[Provided records]

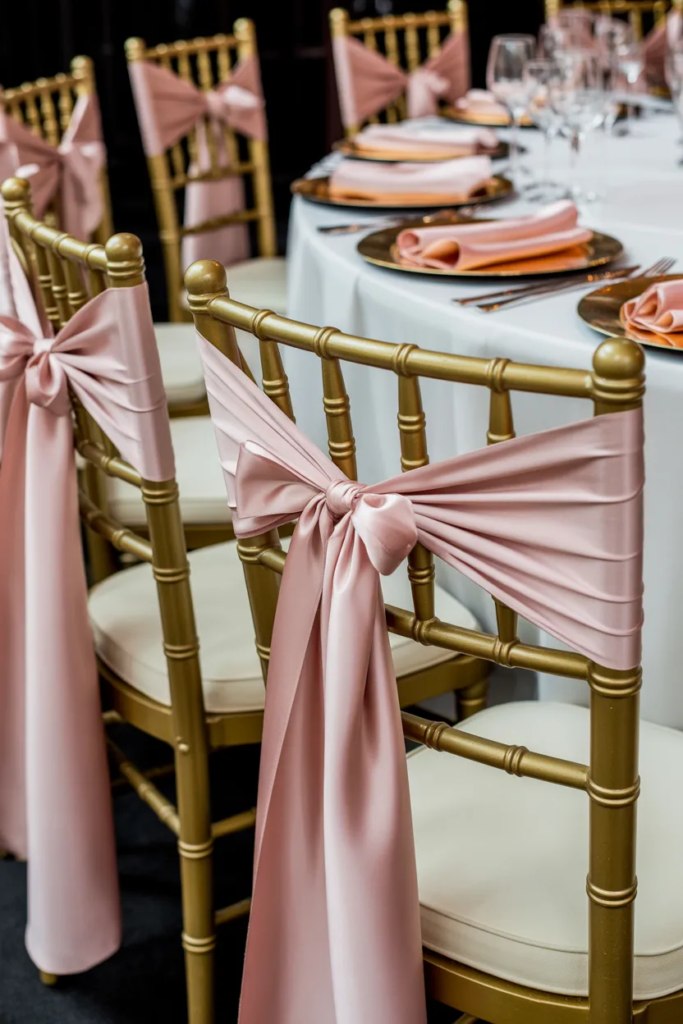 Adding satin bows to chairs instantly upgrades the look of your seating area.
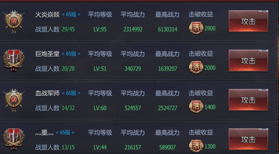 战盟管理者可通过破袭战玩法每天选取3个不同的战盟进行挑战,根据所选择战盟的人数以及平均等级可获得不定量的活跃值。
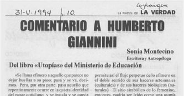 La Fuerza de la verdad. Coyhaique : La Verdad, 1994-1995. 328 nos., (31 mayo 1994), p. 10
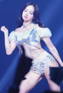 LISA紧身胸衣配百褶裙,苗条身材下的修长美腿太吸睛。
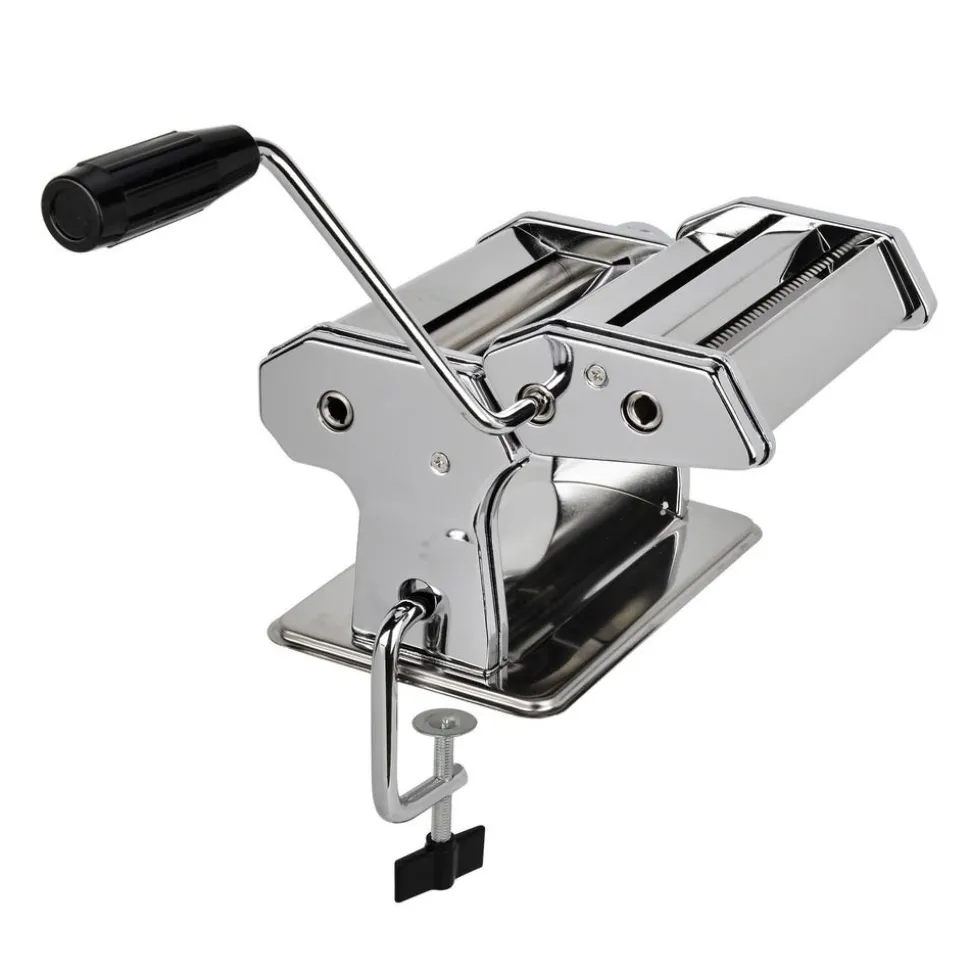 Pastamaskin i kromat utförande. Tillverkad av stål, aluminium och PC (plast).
* * *
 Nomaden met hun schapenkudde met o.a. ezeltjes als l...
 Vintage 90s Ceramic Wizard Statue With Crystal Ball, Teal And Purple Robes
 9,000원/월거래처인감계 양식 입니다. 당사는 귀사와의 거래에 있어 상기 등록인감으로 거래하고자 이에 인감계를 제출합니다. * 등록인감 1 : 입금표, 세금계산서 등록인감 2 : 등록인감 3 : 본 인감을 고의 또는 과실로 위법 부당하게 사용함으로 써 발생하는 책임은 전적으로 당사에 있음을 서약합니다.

[Problem statement] Restate word for word only the lines above from the line containing "Nomaden met hun" to the line containing "9,000원/월거래처인감계 양식 입니다.", both of them included.

[Reply to the task]
 Nomaden met hun schapenkudde met o.a. ezeltjes als l...
 Vintage 90s Ceramic Wizard Statue With Crystal Ball, Teal And Purple Robes
 9,000원/월거래처인감계 양식 입니다. 당사는 귀사와의 거래에 있어 상기 등록인감으로 거래하고자 이에 인감계를 제출합니다. * 등록인감 1 : 입금표, 세금계산서 등록인감 2 : 등록인감 3 : 본 인감을 고의 또는 과실로 위법 부당하게 사용함으로 써 발생하는 책임은 전적으로 당사에 있음을 서약합니다.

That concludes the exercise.